Funnel Builder WordPress plugin under active exploitation (Bleeping Computer / The Hacker News). Threat actors are injecting malicious JavaScript into WooCommerce checkout pages via a critical vulnerability. The exploit is being used to skim payment data, posing severe risk to e‑commerce operators running the affected plugin.
Russian group transforms Kazuar into a modular P2P botnet (Bleeping Computer / The Hacker News). The Turla-linked malware now supports distributed command infrastructure, enhancing resilience against takedowns and enabling stealthy long-term espionage targeting government and enterprise networks.
Canvas platform breach causes widespread academic disruption (Krebs on Security). A data extortion attack has impacted schools and universities across the U.S., interrupting coursework and prompting federal attention. Attackers reportedly accessed sensitive institutional data while maintaining a ransom-driven operational model.
IoT botnet infrastructure disrupted by multinational law enforcement (Krebs on Security).

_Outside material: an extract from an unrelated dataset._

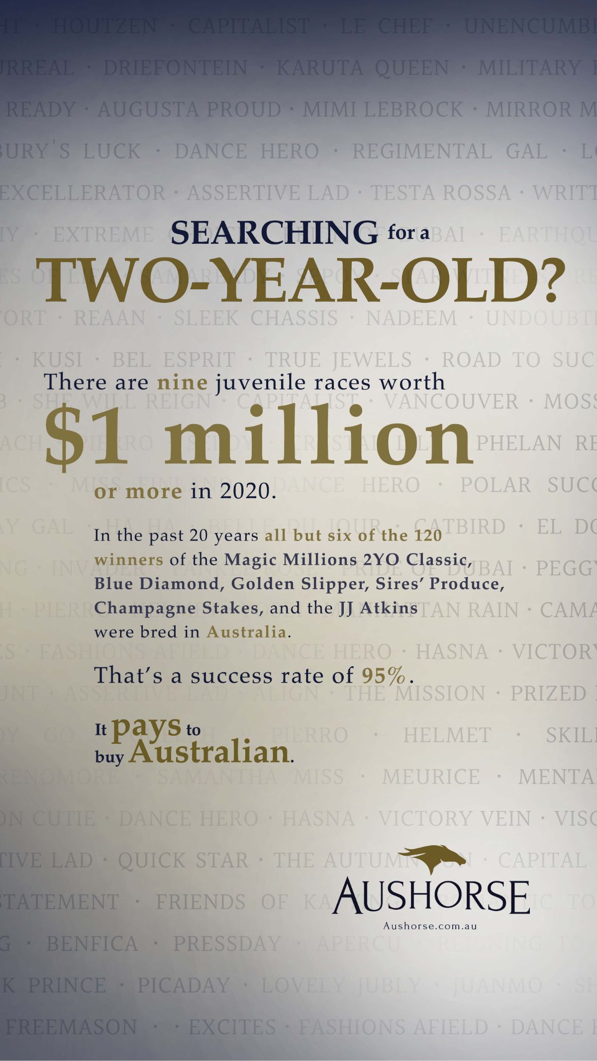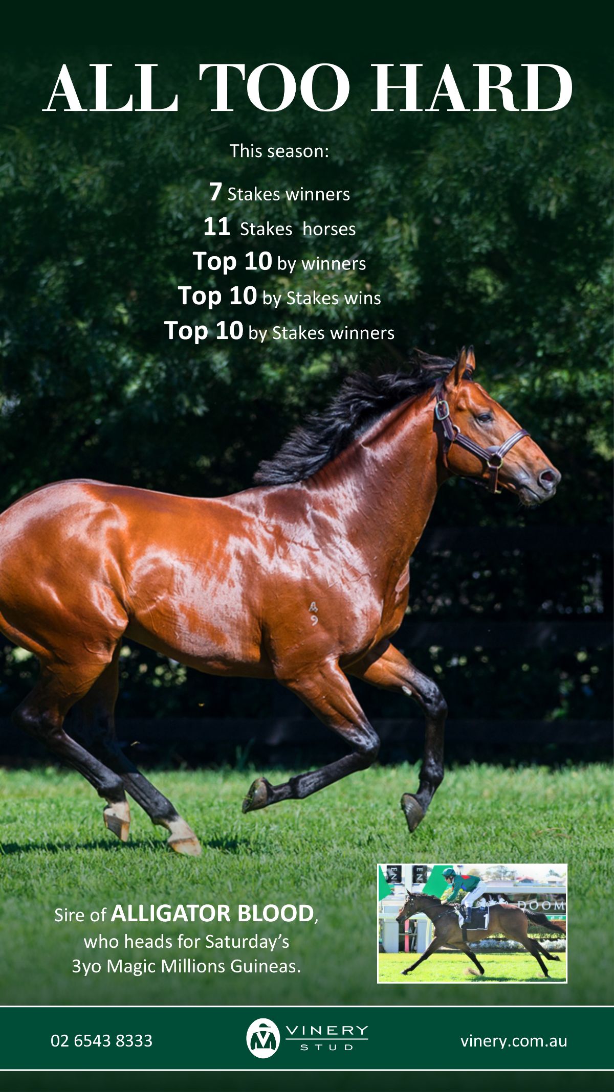 | 77 | Allez Wonder | Tavistock (NZ) | Vinery Stud, Scone, NSW (As Agent) | F |

Authorities in the U.S., Canada, and Germany dismantled online infrastructure supporting several large IoT botnets responsible for massive DDoS attacks. Impacted networks included millions of compromised devices, improving short‑term stability but revealing the scale of global IoT compromise.
OpenAI supply‑chain incident impacts two employee devices (The Hacker News). The Mini Shai‑Hulud compromise of TanStack components affected OpenAI corporate devices, although no production systems or customer data were accessed. This incident reinforces the rising incidence of package‑level supply‑chain attacks in development ecosystems.
Tycoon2FA expands Microsoft 365 hijacking via device‑code phishing (Bleeping Computer). The phishing kit now abuses Trustifi click‑tracking URLs to bypass MFA and capture authentication tokens. This represents a significant evolution in adversaries’ MFA‑evading techniques and increases risk for organizations relying on device‑code workflows.